# Problem details
Write the data out again exactly, with every picture removed.

# Given data
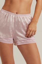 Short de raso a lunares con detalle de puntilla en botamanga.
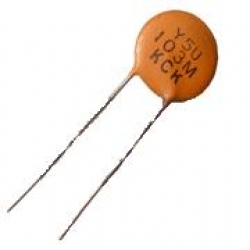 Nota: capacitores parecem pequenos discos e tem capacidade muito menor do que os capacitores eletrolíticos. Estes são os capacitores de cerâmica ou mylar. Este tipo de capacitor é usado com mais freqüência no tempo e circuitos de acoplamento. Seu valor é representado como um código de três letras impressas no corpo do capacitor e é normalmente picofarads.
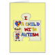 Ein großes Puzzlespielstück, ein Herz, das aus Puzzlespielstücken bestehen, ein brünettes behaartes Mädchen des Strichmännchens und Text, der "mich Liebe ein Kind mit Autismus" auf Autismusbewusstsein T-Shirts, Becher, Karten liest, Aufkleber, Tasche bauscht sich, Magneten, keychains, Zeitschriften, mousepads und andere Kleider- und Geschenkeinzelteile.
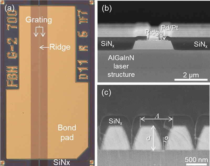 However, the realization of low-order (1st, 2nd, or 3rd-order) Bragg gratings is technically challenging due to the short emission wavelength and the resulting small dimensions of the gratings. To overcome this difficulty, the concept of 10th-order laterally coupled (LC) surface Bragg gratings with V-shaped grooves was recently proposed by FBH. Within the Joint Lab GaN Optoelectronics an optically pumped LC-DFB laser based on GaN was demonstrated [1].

# Output of the exercise
 Short de raso a lunares con detalle de puntilla en botamanga.
 Nota: capacitores parecem pequenos discos e tem capacidade muito menor do que os capacitores eletrolíticos. Estes são os capacitores de cerâmica ou mylar. Este tipo de capacitor é usado com mais freqüência no tempo e circuitos de acoplamento. Seu valor é representado como um código de três letras impressas no corpo do capacitor e é normalmente picofarads.
 Ein großes Puzzlespielstück, ein Herz, das aus Puzzlespielstücken bestehen, ein brünettes behaartes Mädchen des Strichmännchens und Text, der "mich Liebe ein Kind mit Autismus" auf Autismusbewusstsein T-Shirts, Becher, Karten liest, Aufkleber, Tasche bauscht sich, Magneten, keychains, Zeitschriften, mousepads und andere Kleider- und Geschenkeinzelteile.
 However, the realization of low-order (1st, 2nd, or 3rd-order) Bragg gratings is technically challenging due to the short emission wavelength and the resulting small dimensions of the gratings. To overcome this difficulty, the concept of 10th-order laterally coupled (LC) surface Bragg gratings with V-shaped grooves was recently proposed by FBH. Within the Joint Lab GaN Optoelectronics an optically pumped LC-DFB laser based on GaN was demonstrated [1].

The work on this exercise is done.